Depois, é claro, conheci todos os outros poemas de Sophia, todos os livros, contos, testemunhos, o ensaio sobre a Grécia, o teatro, as cartas. Descobri nos escritos de Sophia outros quartos de “funda e devorada solidão”, habitados pelo tempo e pelo poema. Por exemplo, neste texto em prosa, “Arte Poética III”:

A coisa mais antiga de que me lembro é dum quarto em frente do mar dentro do qual estava, poisada em cima duma mesa, uma maçã enorme e vermelha. Do brilho do mar e do vermelho da maçã erguia-se uma felicidade irrecusável, nua e inteira. Não era nada de fantástico, não era nada de imaginário: era a própria presença do real que eu descobria. Mais tarde a obra de outros artistas veio confirmar a objectividade do meu próprio olhar. […] A obra de arte faz parte do real e é destino, realização, salvação e vida.
Sempre a poesia foi para mim uma perseguição do real.
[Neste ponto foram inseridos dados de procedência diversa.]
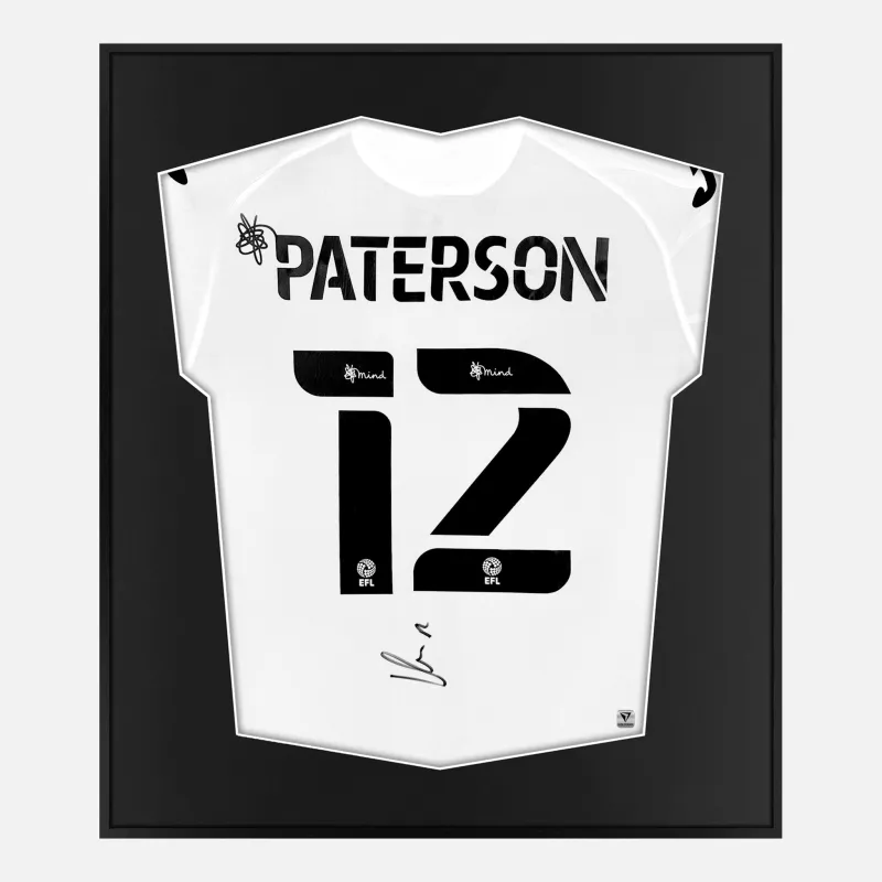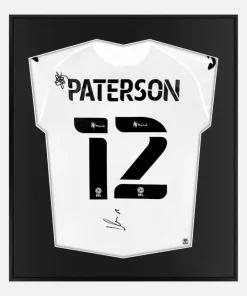 Jamie Paterson personally signed and framed Swansea football shirt, from the 2022-23 Championship season. Displayed in our smart compact shirt frame finished in black aluminium.

Um poema foi sempre um círculo traçado à roda duma coisa, um círculo onde o pássaro do real fica preso.

São frases que qualquer leitor de Sophia reconhece, e decerto uma das mais luminosas artes poéticas da autora. Também aqui eu reconhecia uma paisagem familiar: um quarto, o mar, a maçã, a presença das coisas simples. Poderiam ser outros locais e outros objectos, talvez; mas eram estes, imanentes, contingentes, contudo inteiramente claros e certos e definidos, dizendo, cada um deles na sua voz insubstituível, “a própria presença do real”. Arte poética da verdade das coisas, da memória, da consciência mais antiga. Texto sobre um quarto, e a maçã inteira no quarto, e sobre o mar além do quarto: interioridade, exterioridade, o prodígio natural de haver maçã e em breve a descoberta da palavra maçã. Quero dizer: texto sobre a verdade das coisas, sobre a realidade do mar, que existe sem porquê, que existe na sua glória inteira de ser mar, e texto sobre a verdade das palavras, sobre a poesia como “perseguição do real”, poesia gloriosa quando alcança a realidade das coisas do mundo.
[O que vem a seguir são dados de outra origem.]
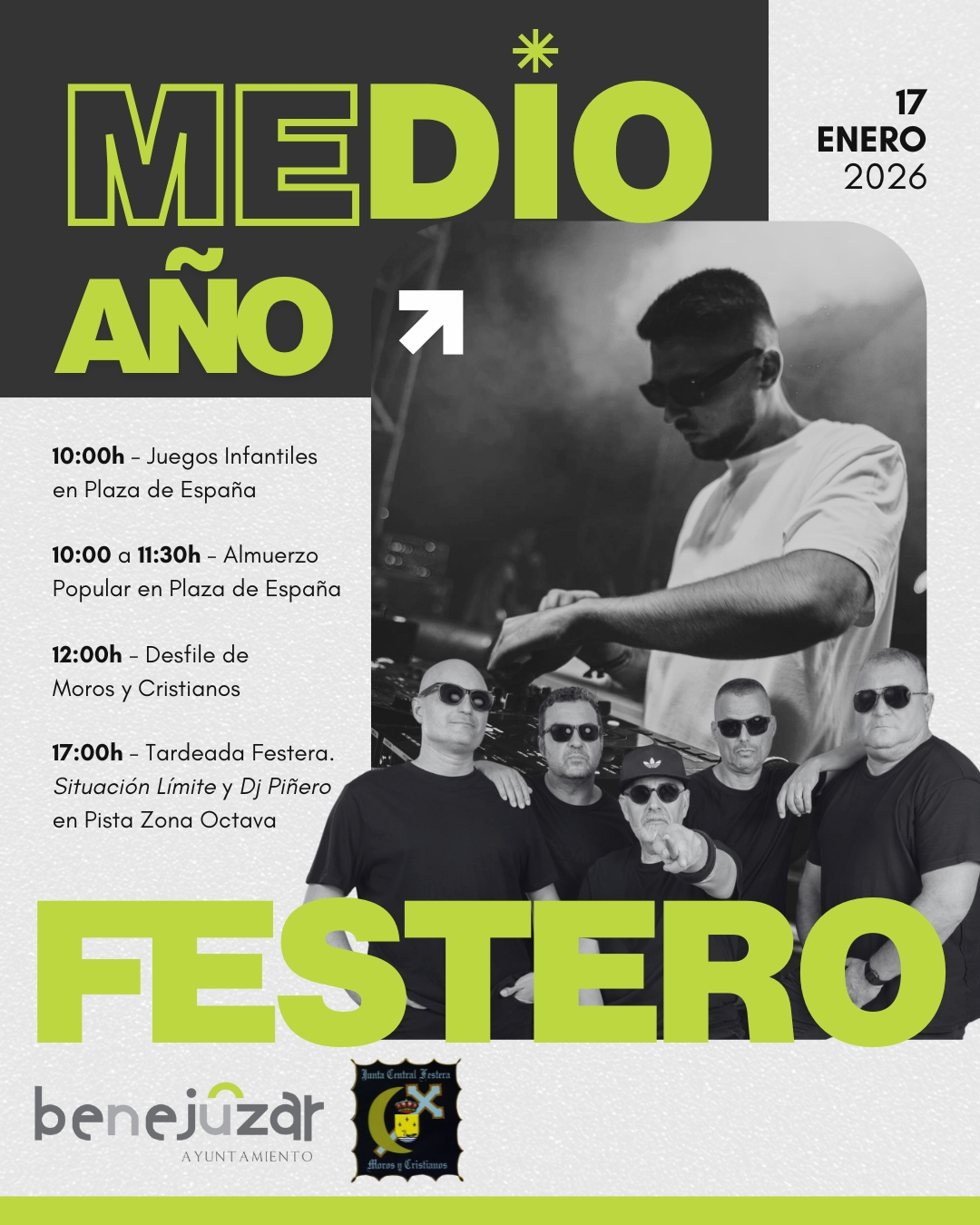 La Junta Central Festera de Moros y Cristianos de Benejúzar y el Ayuntamiento de la localidad benejucense organizan el sábado 17 de enero de 2026 por la mañana y por la tarde diferentes actos para todos los públicos y edades con una programación variada para celebrar una nueva edición del Medio Año Festero 2026 del municipio.

Eu lia: tardes longas de leituras, noutro quarto, diferente e semelhante, sem mar, mas submerso pela palavra mar. Se o poema persegue o real e acerta no coração do real, então o mar entrava dentro do quarto. Eu confundia-me com o poema no tempo.
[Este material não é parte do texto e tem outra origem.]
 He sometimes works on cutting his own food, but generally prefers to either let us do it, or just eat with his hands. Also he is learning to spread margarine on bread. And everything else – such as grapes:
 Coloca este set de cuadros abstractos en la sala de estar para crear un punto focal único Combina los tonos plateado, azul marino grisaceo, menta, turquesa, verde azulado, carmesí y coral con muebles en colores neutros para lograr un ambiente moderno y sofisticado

E havia tantos outros quartos, fechados em quatro paredes, círculos à roda de coisas, atravessados por vozes. Como este, em «O Búzio de Cós e outros poemas»:

Goesa

Tudo era atravessado por um rio de memórias
E brisas subtis e lentas se cruzavam
E enquanto lá fora baloiçavam
Os grandes leques verdes das palmeiras
Uma rapariga descalça como bailarina sagrada
Atravessou o quarto leve e lenta
Num silêncio de guitarra dedilhada

Era, outra vez, um quarto perto e distante, semelhante e tão diferente do quarto onde eu lia; um quarto fechado entre paredes, um espaço “dentro” tão distante das palmeiras baloiçando “lá fora” – mas também um quarto atravessado pelo infinito: pelo “rio de memórias”, pelo tempo; por “brisas subtis”; por uma rapariga descalça. E quanto mede um quarto, se a rapariga que o atravessa é “como bailarina sagrada”, se os passos dançados, leves como os dedos sobre as cordas da guitarra, quase levitando, revelam o infinito aberto dentro do finito?

Eu descobria isto em Sophia: que os pés amam a terra, searas, maçãs, ventos, o mar; mas também que os passos dizem a distância ilimitada que há nas coisas, o tempo e o espaço inesgotáveis dentro de um quarto fechado. E tudo falava, agora, entre as paredes “de funda e devorada solidão”: eu habitava em quartos abertos, sobre um mar invisível onde vinham rebentar, verso a verso, as vozes antigas, toda a memória do mundo.

NOTA: O autor escreve segundo o antigo Acordo Ortográfico.